The dopamine system has been identified as a critical substrate of a series of human disorders, ranging from Parkinson’s Disease (PD) to schizophrenia and autisms.  While recent genetic studies have confirmed the relevant genetic risk associated to these disorders (Simón-Sánchez et al. 2009), their pathogenesis at the cellular level remains only partially understood. Based on pathology, aberrant processing of a-synuclein is thought to play role in the development of Parkinson disease (PD) and dementia with Lewy bodies (DLB) (Vekrellis et al. 2011). One of the key questions at the core of the discovery of novel targets for pharmacologic intervention is to understand how genetic factors in dopamine neurons interact with environmental and other cellular stressors to generate cell pathology, including downstream/upstream a-synuclein processing. This situation is particularly relevant for PD, where the presence of specific risk factors at work in dopaminergic neurons has been known for years (Chung et al. 2005).

How genetic perturbations relate to the capacity of survival and regeneration of dopaminergic neurons seems associated to different interacting factors, including environmental intoxicants, cellular housekeeping mechanisms, inflammatory response and energy balance. Recent literature indicates that PD is genetically and clinically linked to the lysosomal storage disorder Gaucher disease (GD) via a genetic-determined mechanism that leads to dysfunctional glucocerebrosidase (Gcase) enzyme resulting in atypical processing of a-synuclein (Westbroek et al. 2011, Yap et al. 2011).  The fact that lysosomal dysfunction of various kinds has been repetitively shown to induce a-synuclein aggregation provides a starting point to understand dopamine neuron PD pathophysiology.
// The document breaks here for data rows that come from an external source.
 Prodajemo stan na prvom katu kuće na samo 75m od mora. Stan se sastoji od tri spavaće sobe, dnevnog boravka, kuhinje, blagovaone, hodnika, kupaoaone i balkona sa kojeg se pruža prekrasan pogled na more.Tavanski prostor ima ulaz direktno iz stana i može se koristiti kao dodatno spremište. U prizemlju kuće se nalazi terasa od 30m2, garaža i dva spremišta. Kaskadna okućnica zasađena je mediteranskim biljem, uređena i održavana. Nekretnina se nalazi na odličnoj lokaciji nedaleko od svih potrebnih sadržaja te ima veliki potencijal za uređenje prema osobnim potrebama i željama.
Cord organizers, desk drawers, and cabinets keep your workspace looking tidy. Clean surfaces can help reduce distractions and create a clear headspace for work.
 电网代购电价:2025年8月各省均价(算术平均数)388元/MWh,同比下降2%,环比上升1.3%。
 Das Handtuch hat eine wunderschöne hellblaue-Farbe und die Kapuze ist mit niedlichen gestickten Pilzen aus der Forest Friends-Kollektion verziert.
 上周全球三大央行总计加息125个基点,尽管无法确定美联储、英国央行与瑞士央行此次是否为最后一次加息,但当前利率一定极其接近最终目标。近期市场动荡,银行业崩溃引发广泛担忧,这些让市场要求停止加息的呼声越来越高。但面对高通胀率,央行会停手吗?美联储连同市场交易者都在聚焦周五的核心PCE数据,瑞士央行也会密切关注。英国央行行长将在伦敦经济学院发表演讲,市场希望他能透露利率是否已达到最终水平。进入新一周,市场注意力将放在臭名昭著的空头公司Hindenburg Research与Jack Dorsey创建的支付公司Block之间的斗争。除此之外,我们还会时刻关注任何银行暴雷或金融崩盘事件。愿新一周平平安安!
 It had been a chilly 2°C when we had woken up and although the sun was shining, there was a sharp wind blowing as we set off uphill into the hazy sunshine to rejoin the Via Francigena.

The recent publication of a protocol that convincingly describes the method to obtain dopaminergic neurons from human inducible pluripotent stem cells (iPSC) (Kirck et al. 2011) provides a unique opportunity to understand human PD pathophysiology in vitro.  Different phenotypes were described in dopaminergic neurons obtained from iPSCs of patients with genetic mutations associated with Familiar PD (PINK1 and LRRK2) when compared with the phenotype of healthy volunteers. Interestingly, they were found more vulnerable to cellular stressors than those of healthy volunteers (Guzman et al. 2010, Cooper et al. 2012). PD-relevant pathology was generated only in iPSC-derived dopaminergic neurons and not in fibroblasts, supporting the importance to generate neurons from iPSC with a specific phenotype.

In this project we propose to develop in vitro models of PD cellular pathology using human dopaminergic neurons differentiated from either iPSC of patients affected by PD or genetically-edited human embryonic pluripotent stem cells (EPSC) with the aim to explore a-synuclein pathology and then to test pharmacologic compounds.